TASK REQUIREMENTS
Print each entry precisely; exclude the pictures.

INPUT DATA
━━━━━━━━━━

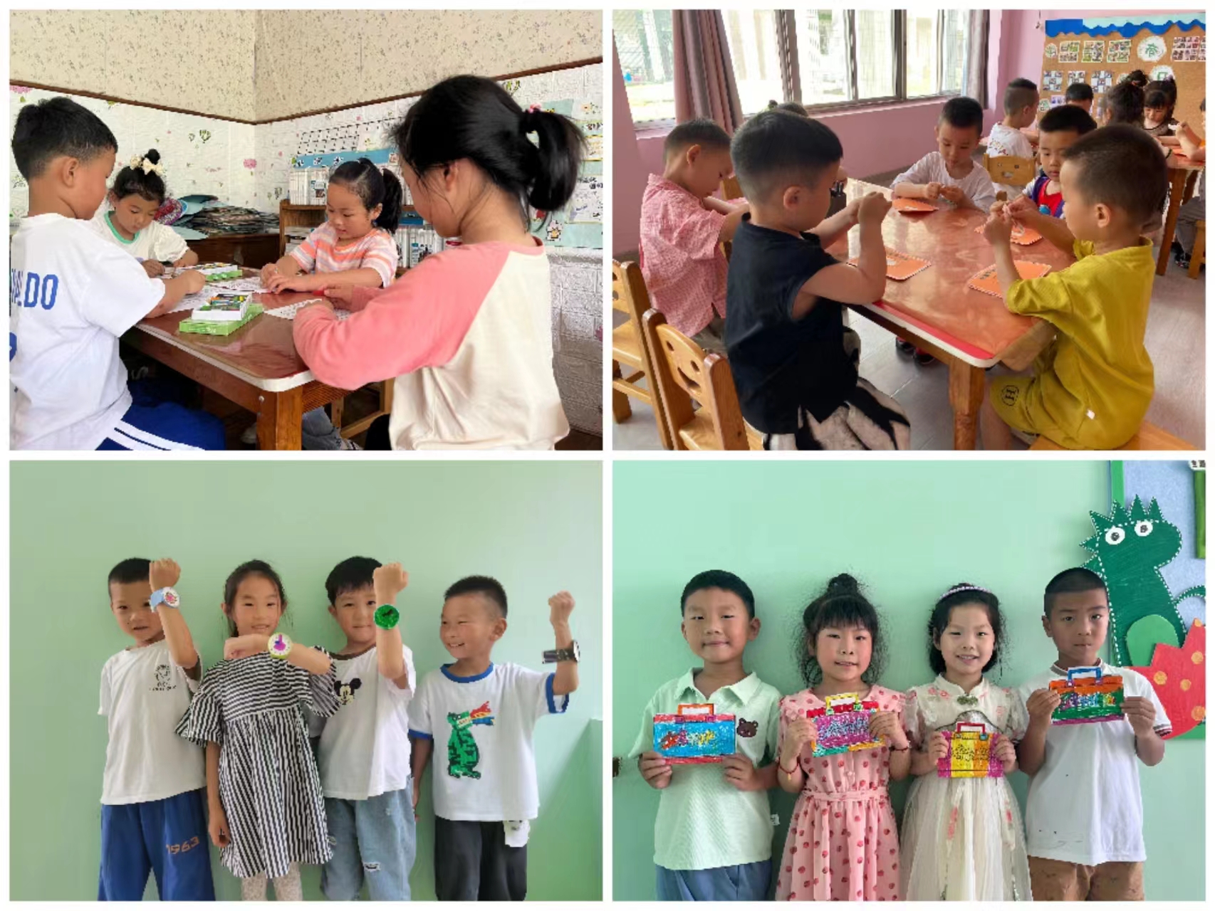 首先,老师播放了《我眼中的爸爸》故事视频及“我的爸爸”组图,引导孩子们了解父亲节的时间和含义,感知不同孩子眼中父亲的不同形象。然后,老师鼓励大家说说自己眼中的爸爸,孩子们与同伴相互交流自己的想法,进一步感受爸爸对自己的爱。接着,孩子们在志愿者的帮助下,发挥想象,尝试用彩笔勾勒绘画及手工制作父亲节礼物的方式,大胆表达对“超级英雄”的爱和感谢。有的孩子选用水彩笔线条和黏土装饰做成了“手表”,有的孩子运用图画纸及油画棒做成了“爱心领带”,还有的孩子用卡纸、装饰胶带做成了《惊喜刮刮卡》送给爸爸。最后,大家互相比较分享制作好的礼物,并听取其他同学的创意和赞扬,孩子们在创作中更加的自信和勇敢。
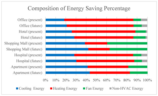Our contribution analysis shows that the most savings in building energy came from the HVAC system, including space cooling, space heating, and fans (ventilation) (Figure 6). In comparison, the savings from non-HVAC energy (humidification, refrigeration, equipment, lighting, and pumps) were trivial. More cooling energy was saved for shopping malls and apartment buildings, while more heating energy was saved for office, hotel, and hospital buildings. With the global warming effect, the savings from cooling energy were expected to account for a more significant portion in the future. When green roofs save cooling energy through thermal insulation, heat absorption, and plant evapotranspiration, they can also reduce energy from fans as a more comfortable and stable indoor temperature requires less air circulation needs in general.
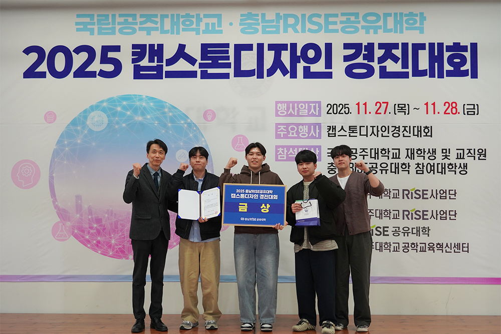 단국 C-RISE 사업단(단장 백동헌)이 지난 11월 28일 국립공주대학교 천안캠퍼스에서 개최된 ‘2025년 충남 RISE 공유대학’ 발대식 및 업무협약식에 참여해 대학 간 혁신교육 협력의 청사진을 공유하고, 같은 날 열린 캡스톤디자인 경진대회에서는 금상과 은상을 수상하며 역량을 보여줬다. △‘Re:volt’ 팀이 금상을 수상했다. △경진대회 기념사진 캡스톤디자인 경진대회에서는 우리 대학 에너지융합전공 소속 5개 팀이 참가해 전공 특화 과제를 발표했다. 이 중 ‘Re:volt’ 팀(에너지공학과 김종찬 외 5명)이 하이브리드 스마트 센서를 개발해 금상을 ‘Turn&On’ 팀(에너지공학과 김수찬 외 2명)은 문의 회전력 이용한 지문인식 사물함을 선보이며 은상을 수상해 현장 중심 실무역량을 인정받았다. △충남 RISE 공유대학 발대식 같은 날 진행된 발대식 및 업무협약식에서는 충남 RISE 공유대학에 참여하는 도내 20개 대학이 모여 공동 교육과정 운영과 학사 협력체계 구축에 뜻을 모았다. 각 대학은 ▶충남RISE공유대학 교육과정 공동 운영 ▶충남RISE공유대학 공동학위 ▶참여대학 간 학점·학기 교류 및 상호 학점 인정 ▶우수 인력 지역 정주를 위한 프로그램 상호 교류 및 협력 등에 나선다. △천안 AI 어반테크 글로벌 서포터즈’로 선발된 학생들이 기념사진을 촬영했다. 한편 단국 C-RISE 사업단은 지난 11월 2일부터 8일까지 스페인 바르셀로나에서 열린 ‘스마트시티 엑스포 월드 콩그레스(SCEWC 2025)’에 천안관 운영에도 함께 참여했다. ‘천안 AI 어반테크 글로벌 서포터즈’로 선발된 학생 10명은 기업 홍보, 바이어 응대, 콘텐츠 제작 등 현장 실무를 지원하며 글로벌 역량을 키웠다. [대학뉴스 제보] 죽전 홍보팀 : 031-8005-2032~5, 천안 홍보팀 : 041-550-1061
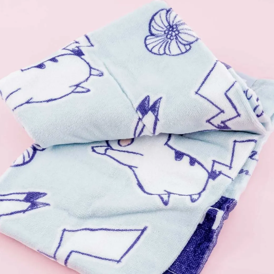 - A super cute set of long towels featuring prints of Pikachu running
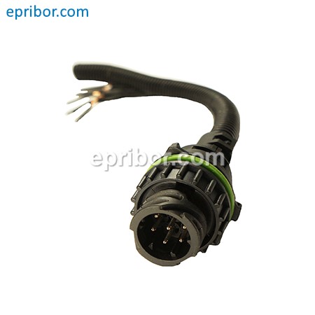 Герметичный 7-ми контактный прямой, байонетный AMP разъём с 7-ю проводами в гофре.
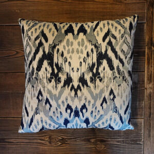 Item: Square decorative throw pillow with an ikat-style woven pattern - High end luxury duck feather down
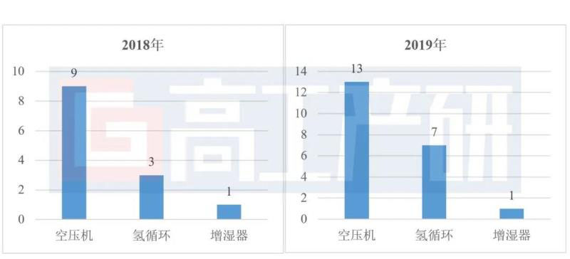 GGII認為,氫能與氫燃料電池產(chǎn)業(yè)在國內(nèi)也將參考并吸收以上路徑的部分經(jīng)驗與成果,從而加快國內(nèi)燃料電池產(chǎn)業(yè)的發(fā)展步伐。2019年國內(nèi)氫燃料電池空壓機實現(xiàn)百臺以上裝車出貨,氫循環(huán)、增濕器等還處于送樣測試階段,產(chǎn)品上車仍需時間。其他關鍵材料和部件方面,2019年國內(nèi)氣體擴散層的碳紙/碳布、質(zhì)子交換膜、催化劑等均未實現(xiàn)批量上車。2019年國內(nèi)空壓機和氫氣循環(huán)泵企業(yè)均新增4家,同時GGII調(diào)研發(fā)現(xiàn),2020年國內(nèi)市場向上游零部件和關鍵材料投資的積極性明顯提升。
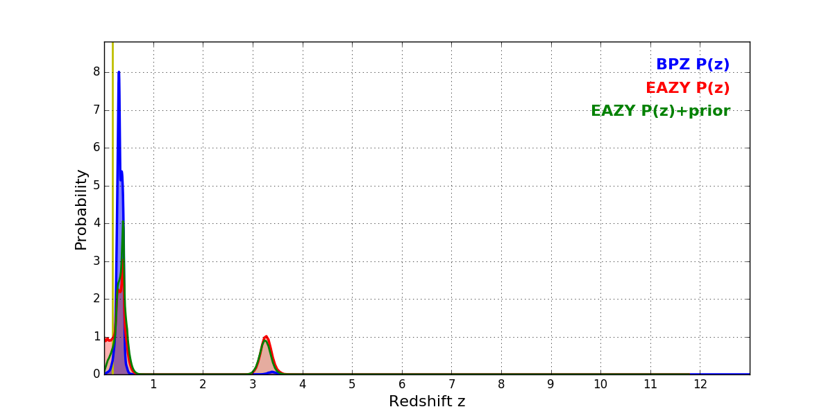 In P(z) plots: Yellow lines mark the cluster redshift z = 0.182,
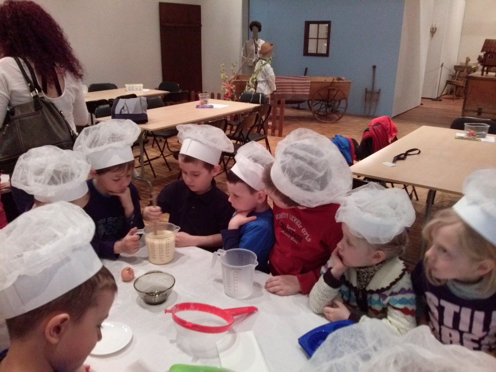 W dniu 15 kwietnia 2014 r. uczniowie klasy 0 wraz ze swoimi wychowawczyniami: p.Beatą Kasprzyk i p.Urszulą Pekaniec oraz rodzicem p. Joanną Fill gościli w przemyskim oddziale Muzeum Narodowego. Tam uczestniczyli w niezwykłych zajęciach. W starodawnej chacie (jedna z ekspozycji w muzeum) zapoznali się z tradycją pieczenia chleba. Namacalnym efektem tych zajęć był własnoręczny wyrób i wypiek wielkanocnych babeczek. Upieczone babeczki, dzieciaki zabrały jako prezent do domu. Jadna z babeczek trafiła także do rąk pana dyrektora. Przy okazji wizyty w muzeum uczestnicy zwiedzili także ekspozycję związaną z Twierdzą Przemyśl (duże wrażenie zrobiły efekty strzelania i wybuchów). Wyjazd zorganizowany przez panią Beatę Kasprzyk był bardzo udany i już dziś wszyscy czekają na następny.
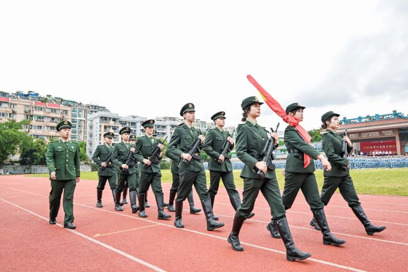 伴随教官“标兵就位”的指令,分列式正式开始,各连队新生踏着整齐划一的步伐经过主席台,展示训练成果。一列列热血而坚定的方阵,迈着整齐的步伐、挥着刚劲有力的手臂,洋溢着青春的生机,充分展现了江城学子们朝气蓬勃、奋发向上的精神风貌。他们“请党放心,强国有我”的铮铮誓言响彻云霄。

━━━━━━━━━━

ANSWER TO THIS TASK
 首先,老师播放了《我眼中的爸爸》故事视频及“我的爸爸”组图,引导孩子们了解父亲节的时间和含义,感知不同孩子眼中父亲的不同形象。然后,老师鼓励大家说说自己眼中的爸爸,孩子们与同伴相互交流自己的想法,进一步感受爸爸对自己的爱。接着,孩子们在志愿者的帮助下,发挥想象,尝试用彩笔勾勒绘画及手工制作父亲节礼物的方式,大胆表达对“超级英雄”的爱和感谢。有的孩子选用水彩笔线条和黏土装饰做成了“手表”,有的孩子运用图画纸及油画棒做成了“爱心领带”,还有的孩子用卡纸、装饰胶带做成了《惊喜刮刮卡》送给爸爸。最后,大家互相比较分享制作好的礼物,并听取其他同学的创意和赞扬,孩子们在创作中更加的自信和勇敢。
Our contribution analysis shows that the most savings in building energy came from the HVAC system, including space cooling, space heating, and fans (ventilation) (Figure 6). In comparison, the savings from non-HVAC energy (humidification, refrigeration, equipment, lighting, and pumps) were trivial. More cooling energy was saved for shopping malls and apartment buildings, while more heating energy was saved for office, hotel, and hospital buildings. With the global warming effect, the savings from cooling energy were expected to account for a more significant portion in the future. When green roofs save cooling energy through thermal insulation, heat absorption, and plant evapotranspiration, they can also reduce energy from fans as a more comfortable and stable indoor temperature requires less air circulation needs in general.
 단국 C-RISE 사업단(단장 백동헌)이 지난 11월 28일 국립공주대학교 천안캠퍼스에서 개최된 ‘2025년 충남 RISE 공유대학’ 발대식 및 업무협약식에 참여해 대학 간 혁신교육 협력의 청사진을 공유하고, 같은 날 열린 캡스톤디자인 경진대회에서는 금상과 은상을 수상하며 역량을 보여줬다. △‘Re:volt’ 팀이 금상을 수상했다. △경진대회 기념사진 캡스톤디자인 경진대회에서는 우리 대학 에너지융합전공 소속 5개 팀이 참가해 전공 특화 과제를 발표했다. 이 중 ‘Re:volt’ 팀(에너지공학과 김종찬 외 5명)이 하이브리드 스마트 센서를 개발해 금상을 ‘Turn&On’ 팀(에너지공학과 김수찬 외 2명)은 문의 회전력 이용한 지문인식 사물함을 선보이며 은상을 수상해 현장 중심 실무역량을 인정받았다. △충남 RISE 공유대학 발대식 같은 날 진행된 발대식 및 업무협약식에서는 충남 RISE 공유대학에 참여하는 도내 20개 대학이 모여 공동 교육과정 운영과 학사 협력체계 구축에 뜻을 모았다. 각 대학은 ▶충남RISE공유대학 교육과정 공동 운영 ▶충남RISE공유대학 공동학위 ▶참여대학 간 학점·학기 교류 및 상호 학점 인정 ▶우수 인력 지역 정주를 위한 프로그램 상호 교류 및 협력 등에 나선다. △천안 AI 어반테크 글로벌 서포터즈’로 선발된 학생들이 기념사진을 촬영했다. 한편 단국 C-RISE 사업단은 지난 11월 2일부터 8일까지 스페인 바르셀로나에서 열린 ‘스마트시티 엑스포 월드 콩그레스(SCEWC 2025)’에 천안관 운영에도 함께 참여했다. ‘천안 AI 어반테크 글로벌 서포터즈’로 선발된 학생 10명은 기업 홍보, 바이어 응대, 콘텐츠 제작 등 현장 실무를 지원하며 글로벌 역량을 키웠다. [대학뉴스 제보] 죽전 홍보팀 : 031-8005-2032~5, 천안 홍보팀 : 041-550-1061
 - A super cute set of long towels featuring prints of Pikachu running
 Герметичный 7-ми контактный прямой, байонетный AMP разъём с 7-ю проводами в гофре.
 Item: Square decorative throw pillow with an ikat-style woven pattern - High end luxury duck feather down
 GGII認為,氫能與氫燃料電池產(chǎn)業(yè)在國內(nèi)也將參考并吸收以上路徑的部分經(jīng)驗與成果,從而加快國內(nèi)燃料電池產(chǎn)業(yè)的發(fā)展步伐。2019年國內(nèi)氫燃料電池空壓機實現(xiàn)百臺以上裝車出貨,氫循環(huán)、增濕器等還處于送樣測試階段,產(chǎn)品上車仍需時間。其他關鍵材料和部件方面,2019年國內(nèi)氣體擴散層的碳紙/碳布、質(zhì)子交換膜、催化劑等均未實現(xiàn)批量上車。2019年國內(nèi)空壓機和氫氣循環(huán)泵企業(yè)均新增4家,同時GGII調(diào)研發(fā)現(xiàn),2020年國內(nèi)市場向上游零部件和關鍵材料投資的積極性明顯提升。
 In P(z) plots: Yellow lines mark the cluster redshift z = 0.182,
 W dniu 15 kwietnia 2014 r. uczniowie klasy 0 wraz ze swoimi wychowawczyniami: p.Beatą Kasprzyk i p.Urszulą Pekaniec oraz rodzicem p. Joanną Fill gościli w przemyskim oddziale Muzeum Narodowego. Tam uczestniczyli w niezwykłych zajęciach. W starodawnej chacie (jedna z ekspozycji w muzeum) zapoznali się z tradycją pieczenia chleba. Namacalnym efektem tych zajęć był własnoręczny wyrób i wypiek wielkanocnych babeczek. Upieczone babeczki, dzieciaki zabrały jako prezent do domu. Jadna z babeczek trafiła także do rąk pana dyrektora. Przy okazji wizyty w muzeum uczestnicy zwiedzili także ekspozycję związaną z Twierdzą Przemyśl (duże wrażenie zrobiły efekty strzelania i wybuchów). Wyjazd zorganizowany przez panią Beatę Kasprzyk był bardzo udany i już dziś wszyscy czekają na następny.
 伴随教官“标兵就位”的指令,分列式正式开始,各连队新生踏着整齐划一的步伐经过主席台,展示训练成果。一列列热血而坚定的方阵,迈着整齐的步伐、挥着刚劲有力的手臂,洋溢着青春的生机,充分展现了江城学子们朝气蓬勃、奋发向上的精神风貌。他们“请党放心,强国有我”的铮铮誓言响彻云霄。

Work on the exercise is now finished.